What alternative medicine can teach us about evidence-based medicine

Steve Simon

2005-01-01

(To be added)

This is a rough outline of a seminar I will present in a couple of days. It incorporates material from another talk,

Is the randomized trial the gold standard for research?

The title of this talk seems to be backwards. The question most people are interested in is, “What can evidence-based medicine teach us about alternative medicine?” It turns out that we can learn quite a bit. A quick search of PubMed for the term “alternative medicine” restricted (for my convenience) to article in PubMed Central and limited to meta-analyses and systematic overviews produced the following reference.

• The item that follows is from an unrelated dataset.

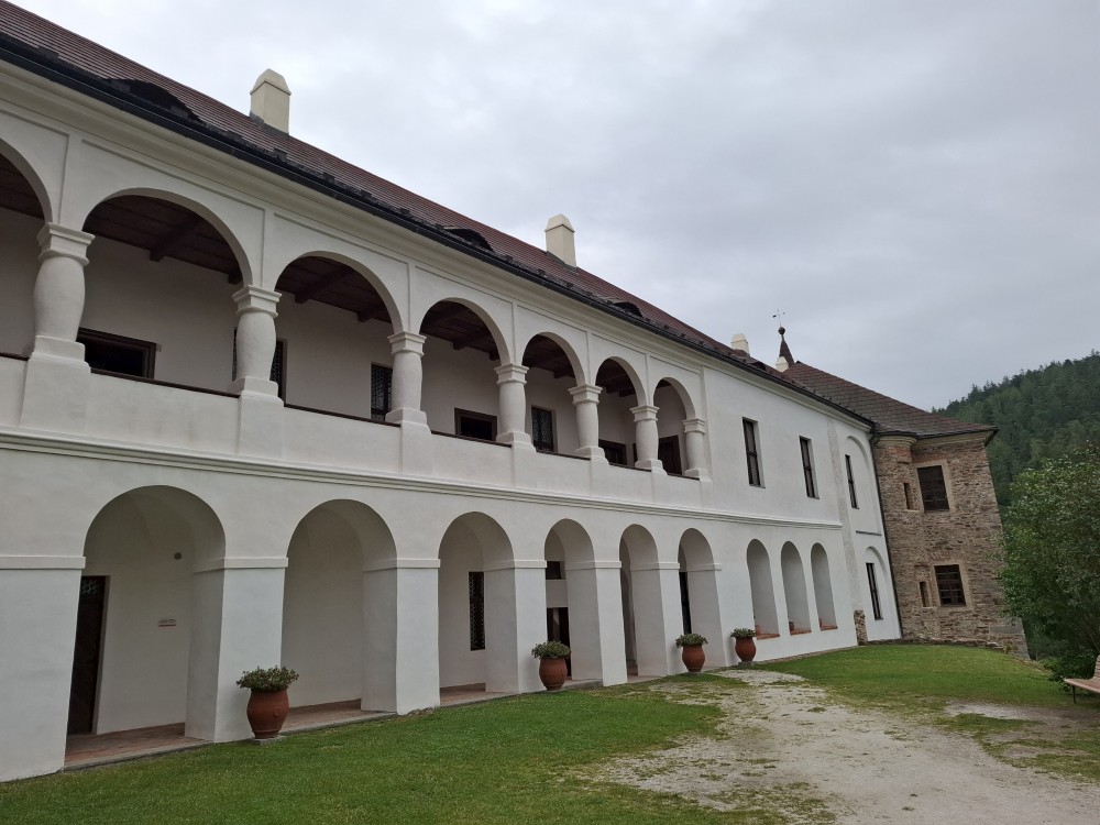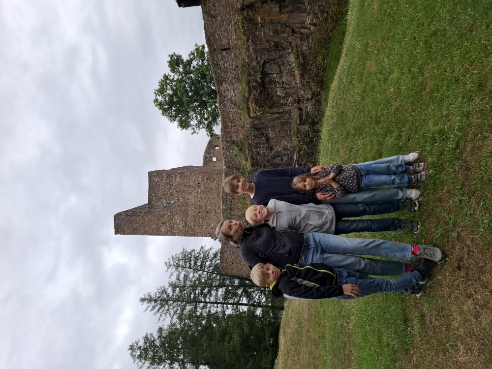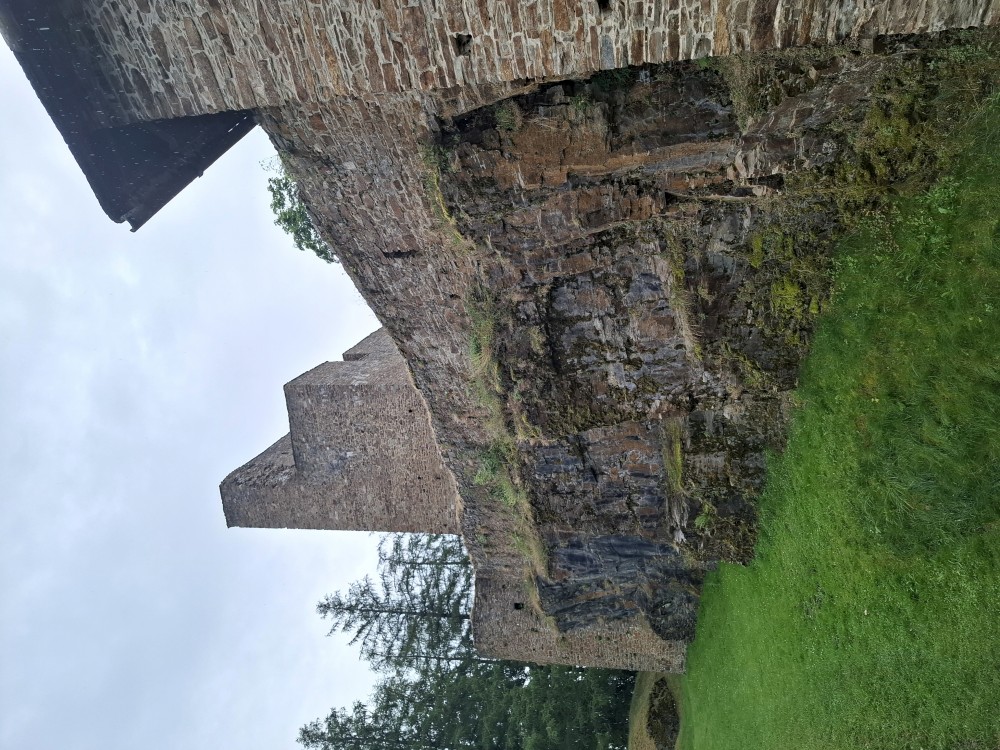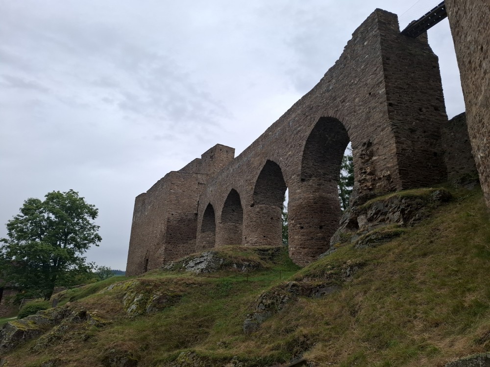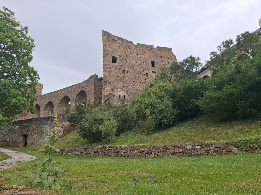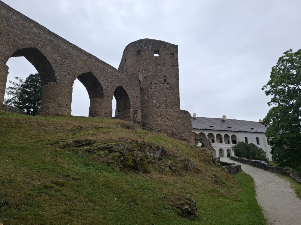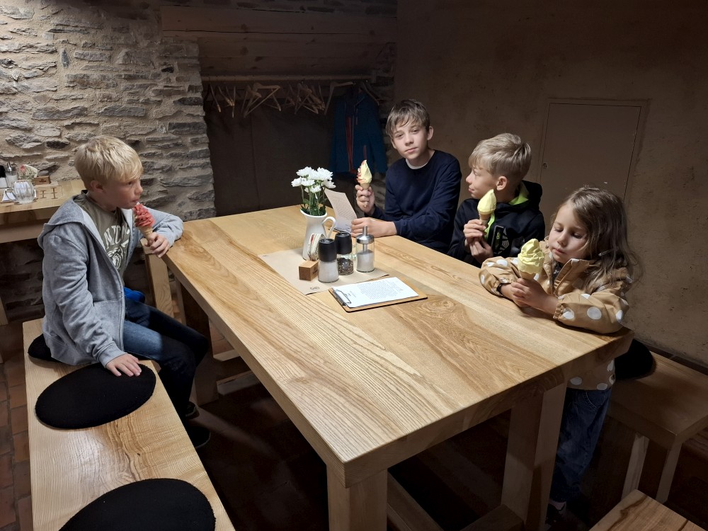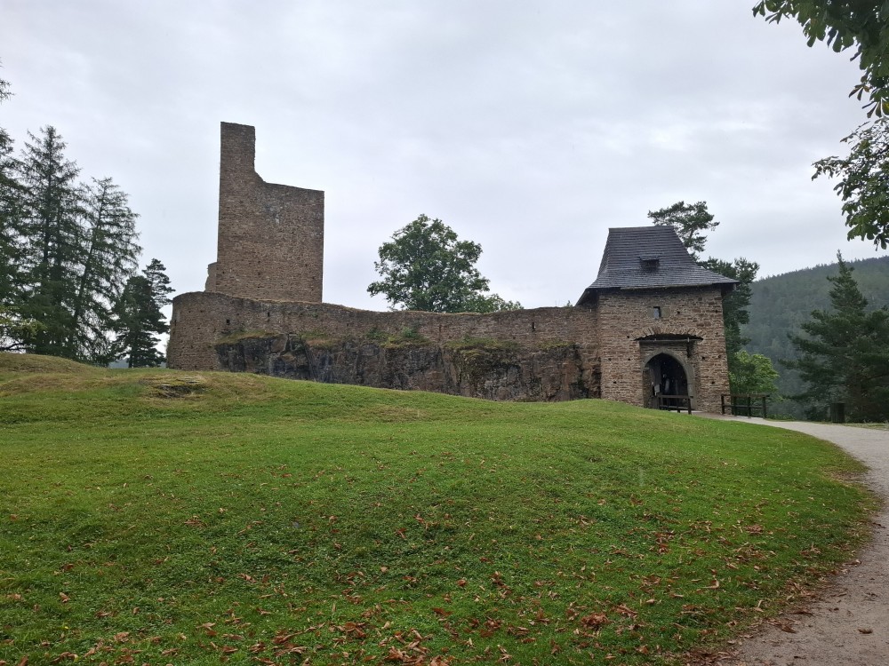 Odpoledne přemýšlíme, co bychom v dešti podnikli. Voláme na zámek do Velhartic a zamlouváme si zámecký okruh na 16:00. Před třetí hodinou vyrážíme z chalupy, na hradě Velhartice jsme kolem půl čtvrté. U kasy platíme za prohlídku a jdeme na zmrzlinu a kávu do místní restaurace.

This is an open source journal, so I can include as much of it as I like on my web pages without worrying about copyright restrictions. If you are curious, you can read the full free text of this article on the web. There’s even a journal called evidence-based Complementary and Alternative Medicine, and you can find the full free text of articles like the following:

This is also an open access article, but the notice at the top of the article reminds us that “if an article is subsequently reproduced or disseminated not in its entirety but only in part or as a derivative work this must be clearly indicated.”

That’s an important reminder and I apologize for only including the abstracts of these two articles. It’s a bad habit to read only the abstract. The abstract often leaves out important details. Often the important limitations appear only in the paper itself. Sometimes, the outcome measures highlighted in the abstract are the ones that are statistically significant, rather than the ones that are clinically important.

There is a lot more that can be said about the empirical evidence for or against various alternative medicine approaches, but I want to turn the question around. I am interested in what alternative medicine can teach us about evidence-based medicine.

First it might help to define exactly what alternative medicine is. I don’t want to dwell on this point too much, but you can get a good understanding of what a person thinks about alternative medicine by how they define it.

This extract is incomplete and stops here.